The agreement includes the World Bank, the International Monetary Fund, the G20, the African Development Bank and all creditors of the Paris Club.

Mutize explained that the goal is to release more than $ 20 billion that governments can use to support their health services.

For example, on April 1, 2021, the Executive Board of the International Monetary Fund (IMF) approved the third tranche of a debt relief grant for 28 member countries under the Disaster Reduction and Assistance Fund (CCRT).

This approval followed two previous tranches, approved on 13 April 2020 and 2 October 2020 respectively.

A statement issued by the IMF on April 5, 2021, clarified that the debt relief facility will allow “the payment of CCRT grants to repay all eligible debt services that have fallen due to the IMF among the poorest and most deprived. vulnerable members from April 14, 2021, to October 15, 2021, estimated at 168 SDRs ($ 238 million).

The Fund disclosed that, with sufficient resources in the CCRT, the debt relief facility could be granted for the remaining period from 16 October 2021 to 13 April 2022, amounting to a total of around 680 SDRs (USD 964).

However, in addition to debt relief for some African countries, the African Economic Outlook for 2021 christens “From Debt Resolution to Growth: The Road to Africa”, Dr. Akinwumi Adesina, President of the African Development Bank Group. called for ‘one last comprehensive debt relief for Africa. “

“The time for a final debt relief for Africa is now. But such relief will require African countries to commit firmly to their share of the deal through bold governance reforms to eliminate all forms of public resource leakage, improve domestic resource mobilization and improve transparency, including on debt and in the sector. of natural resources, “Adesina said in a report published in March 2021.

He explained that the G20 is working for a global partnership to support temporary debt relief for developing countries through the Debt Relief Initiative.

“However, debt payments are being postponed and the initiative covers only a small part of Africa’s total bilateral debt,” he said.
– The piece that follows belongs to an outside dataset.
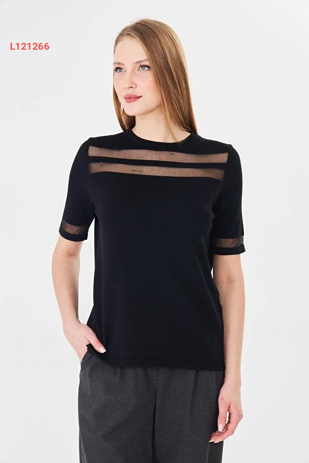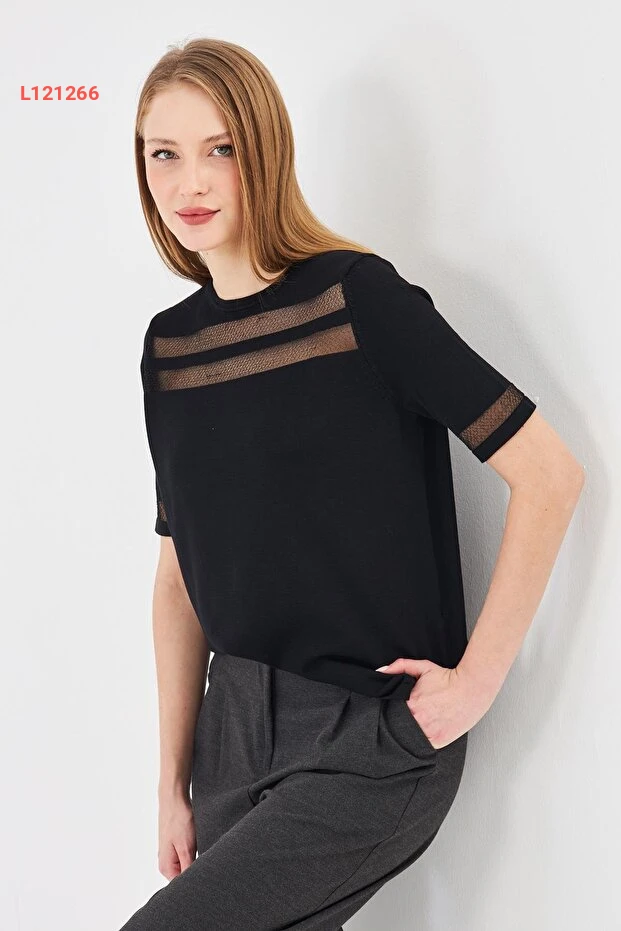 استمتعي بأناقتك مع بلوزة إيرماك النسائية ذات العنق الدائري، التي تجمع بين الأناقة والراحة. تصميمها المكون من تفاصيل شفافة وأكمام قصيرة يضفي لمسة عصرية تناسب كل المناسبات. في اللون الأسود الكلاسيكي، تعتبر الخيار المثالي لإطلالة متألقة ومميزة.

Similar to Adeshina’s call for a comprehensive last debt relief for Africa, Mutize explained that some experts “are calling for a permanent debt cancellation to reduce the debt burden on African countries as they emerge from the COVID-19 pandemic crisis. countries will have high public debt as they use all available credit lines to provide resources to combat the pandemic. “

Mutize noted that private creditors holding commercial debt were reluctant to participate in debt relief as they “criticized the G20’s call for a freeze on all debt repayments”.

However, President Garba Shehu’s official spokesman posted on his Twitter account @GarShehu that President Bukhari had said at the summit that Africa needed “full relief” and not just relief for some African countries.

“According to him, many African countries have already experienced debt and the suspension of the debt service by France and the G20 does not go far enough,” Shehu wrote on Twitter.

On the claim that Nigeria was excluded in debt relief granted to Africa, the Daily Trust on Sunday recalled that in October 2020, the federal government refused dismissals from the IMF to suspend debt service.